# ancho chilie powder vs. plain chilie powder



## lena11 (May 6, 2004)

Help. I am tring a new recipe for mother's day. I am hoping that I didn't screw up my $80.00 piece of New York Strip. I followed a recipe that I found on steak rubs. One of the ingedients was ancho chilie powder. I just assumed it was the same chilie powder that my husband uses in his chilie. I used a cup of it in my rub instead of ancho chilie powder. Should I worry that my steak is going to taste awful or should it be ok this time! Just tring to make sure that I don't ruine Mother's Day. Thanks in advance!


----------



## scott123 (Dec 23, 2003)

Ancho chili powder is just dried ancho chilis. The term "chili powder" can sometime be used to describe just dried chilis, but most of the time, chili powder is a combination of dried chilis, garlic, cumin, oregano and salt. Ancho is usually one of the dried chilis in the mix, along with others. It depends on the other ingredients in the rub, but the extra garlic, cumin, oregano and salt may not be all that bad. A cup is a lot though. Too much cumin can be bitter.


----------



## kylew (Aug 14, 2000)

Actually, ancho chilies (and ancho chili powder) are dried (and ground) poblano chilis. They are on the milder side of the heat spectrum. Depending on whats in the chili powder blend it can be quite hot.

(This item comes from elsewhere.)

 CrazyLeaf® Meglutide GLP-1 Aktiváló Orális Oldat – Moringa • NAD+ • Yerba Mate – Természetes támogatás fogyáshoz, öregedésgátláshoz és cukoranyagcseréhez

Chili powder can also refer to ground red chilies and often this means cayene, also pretty hot.


----------



## suzanne (May 26, 2001)

Wow, that must be some big steak, to need a CUP of chili powder!  As Kyle and Scott have said, "chili powder" can mean a lot of different things and include many different spices. When a recipe calls for a specific chili powder, such as ancho chile powder in yours, it means the dried, powdered version of only that one variety of chile. There are hundreds of different chiles, and each has its own particular flavor; even the same veriety of chile can have different flavors depending on whether it is fresh or dried, and how it is dried. For example: most people know what jalapenos are like. But did you know that when you dry and smoke them they come out as chipotles? Very different flavor, one from the other. But I digress. 

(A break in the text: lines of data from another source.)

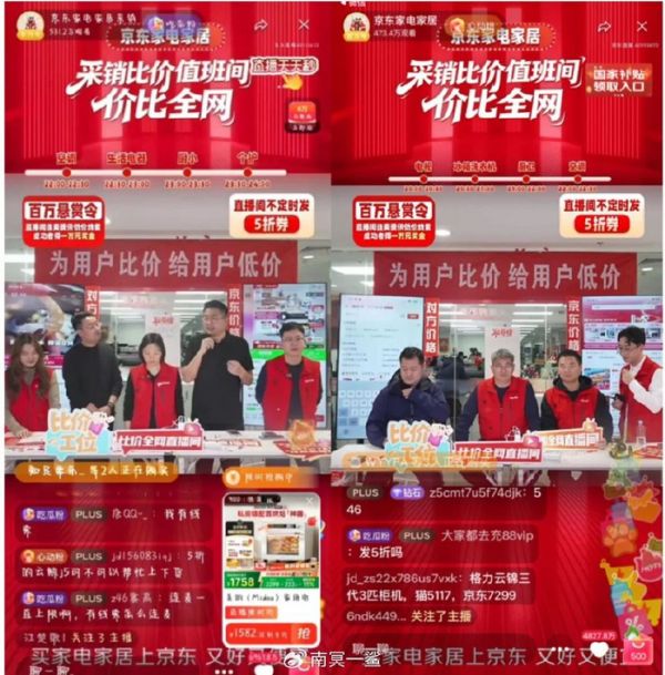 美的空调和厨房小家电品类负责人也来到直播间,力挺京东为用户比价。31日,海尔品牌相关负责人也与京东空调采销负责人共同上播,引起了大量关注。
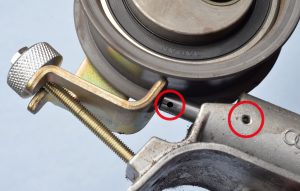 4. Tensar la correa de distribución extrayendo el pasador de bloqueo del amortiguador hidráulico y retirando el tornillo tensor OE (T10092). El amortiguador hidráulico ajustará la tensión. No existen otras marcas en el rodillo tensor.
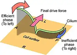 A highly specialized example of a molecular motor is the cilia which is found in the respiratory system, where it wafts mucous to the exterior, and in the fallopian tubes, where they waft along the ova to the uterus. The cilia is anchored in the cell membrane and sends its finger like projection upwards. Thes contain nine paired microtubules, with a central pair as shown in the accompanying electron microscope image. They beat backwards and forwards. The 'efficient' stroke is made with a stiff flagellum, the inefficient stroke with a relaxed flagellum.
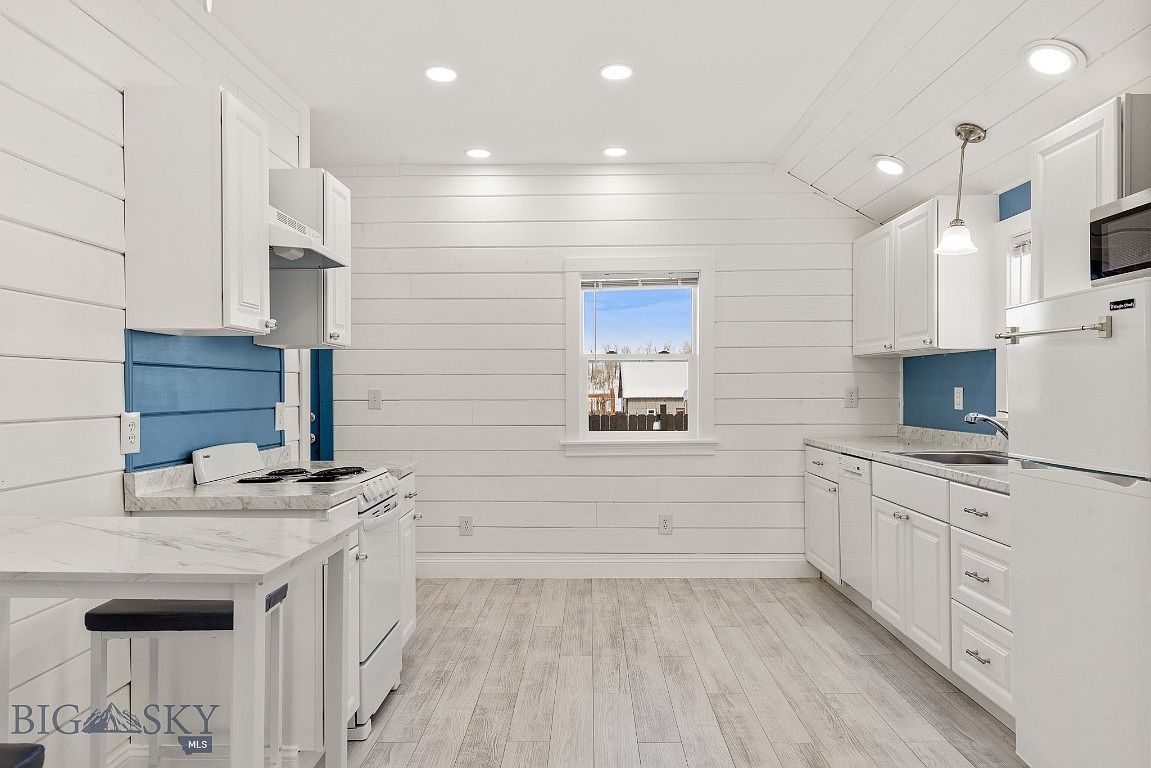This kitchen has a fresh, bright atmosphere thanks to the all-white shiplap walls and ceiling, complemented by crisp recessed lighting. The cabinetry is classic white with brushed metal hardware, paired with light gray marble countertops for a clean look. A pop of color comes from the blue accent wall sections behind the stove and sink areas. Stainless steel appliances and a pendant light above the sink add a modern touch. The flooring is a light, natural-toned wood that creates a warm but airy foundation. A window above the sink looks out into the backyard, bringing in natural light.
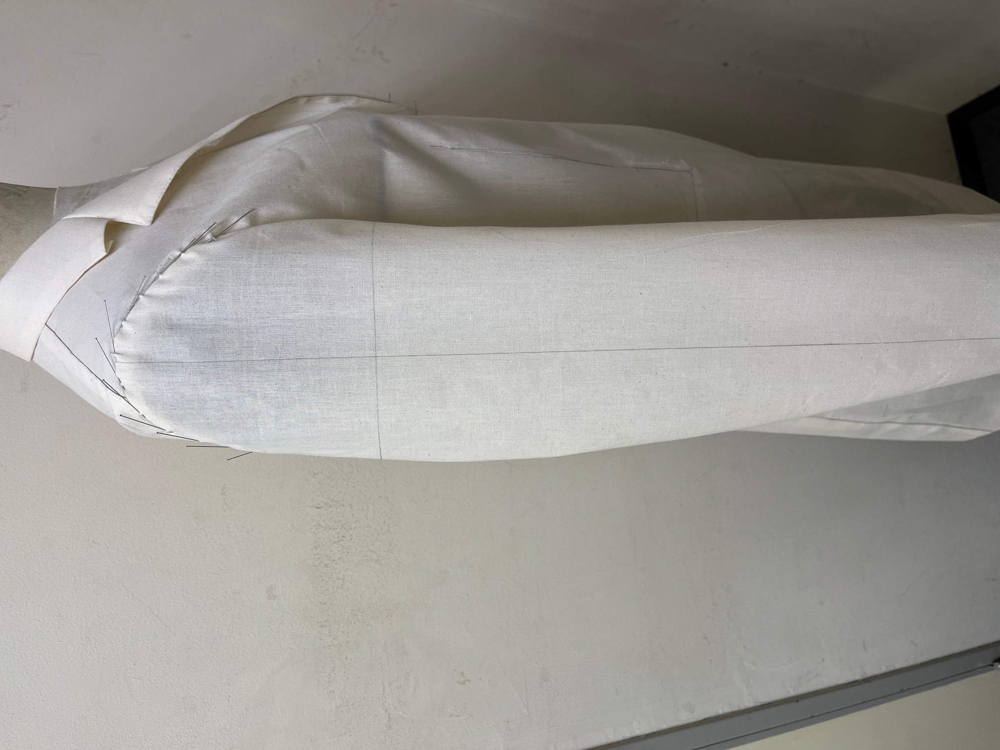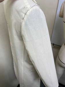 また、ジャケット、コートにしては袖山も低めに設定されています。触ってみた感じだと、いせを多く入れられない生地という理由もありそうです。
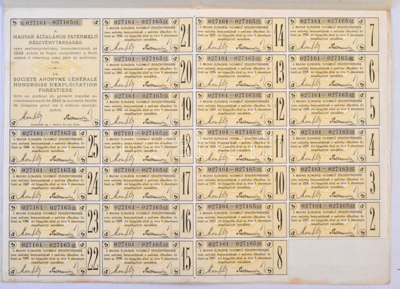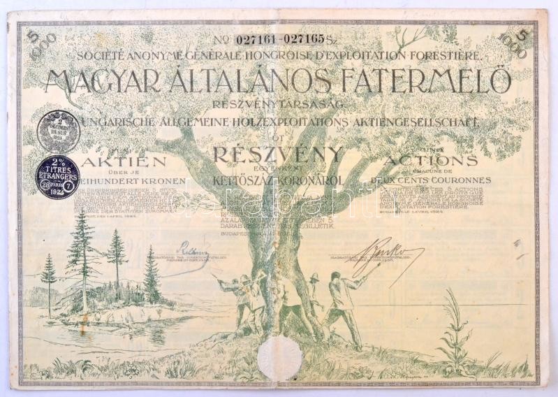 Budapest 1924. "Magyar Általános Fatermelő Részvénytársaság" öt részvénye egyenként 200K-ról, német, magyar és francia nyelven, szárazpecséttel, bélyegzésekkel és szelvényekkel T:III,III-
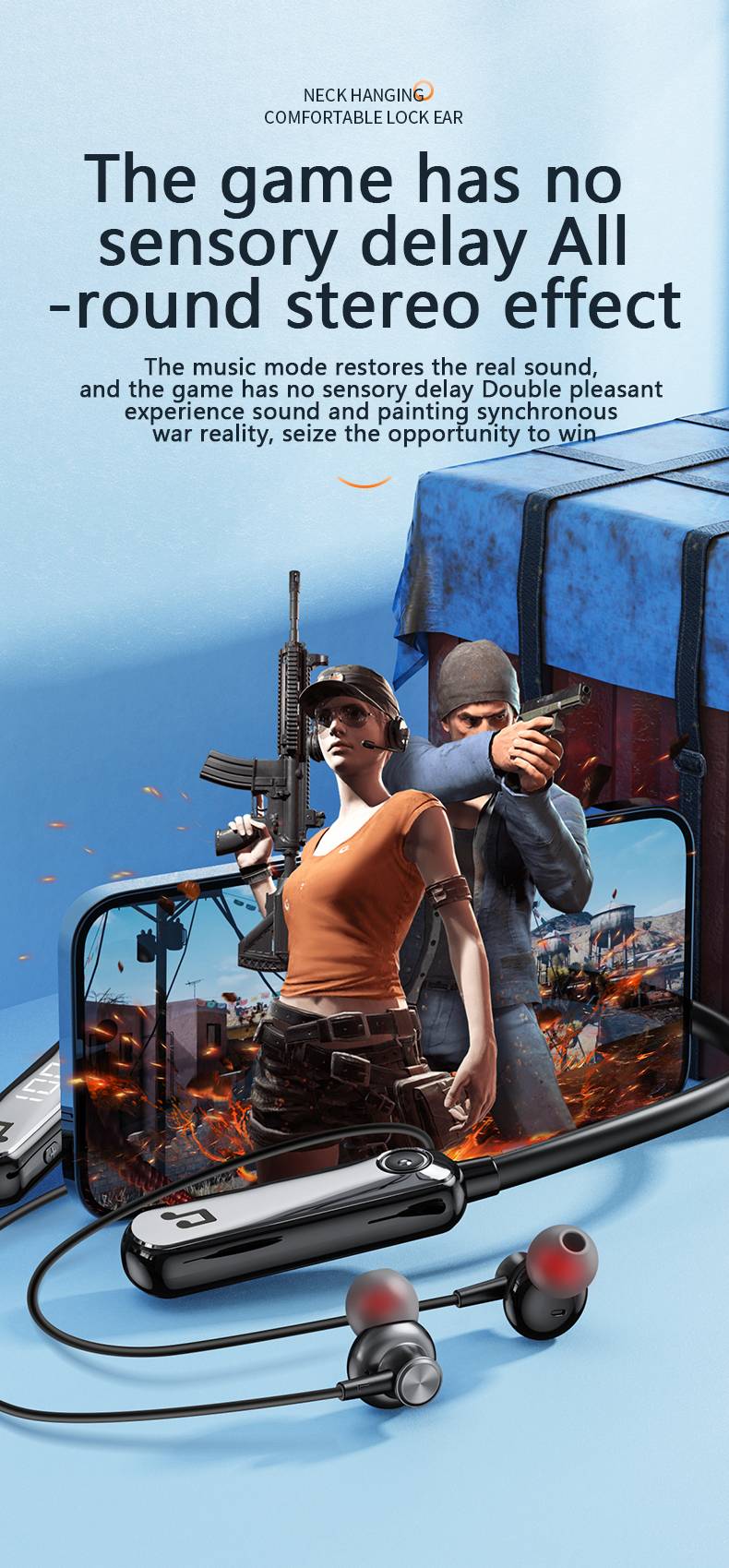 Neck hanging Bluetooth earphones EQ with digital noise reduction wireless noise reduction with ear feedback GYM-740

What does the chili powder you used taste like? And what else is in the rub? If it is spicier than you really want, just scrape off most of the rub before you cook the steak. In fact, I don't think it's ever a good idea to leave a thick layer of spices on a steak -- you'll end up burning the spices before you get that nice _meaty_ crust. And that's what you want to end up with: a beautiful hunk of MEAT, :lips: not a lot of burnt spices.


----------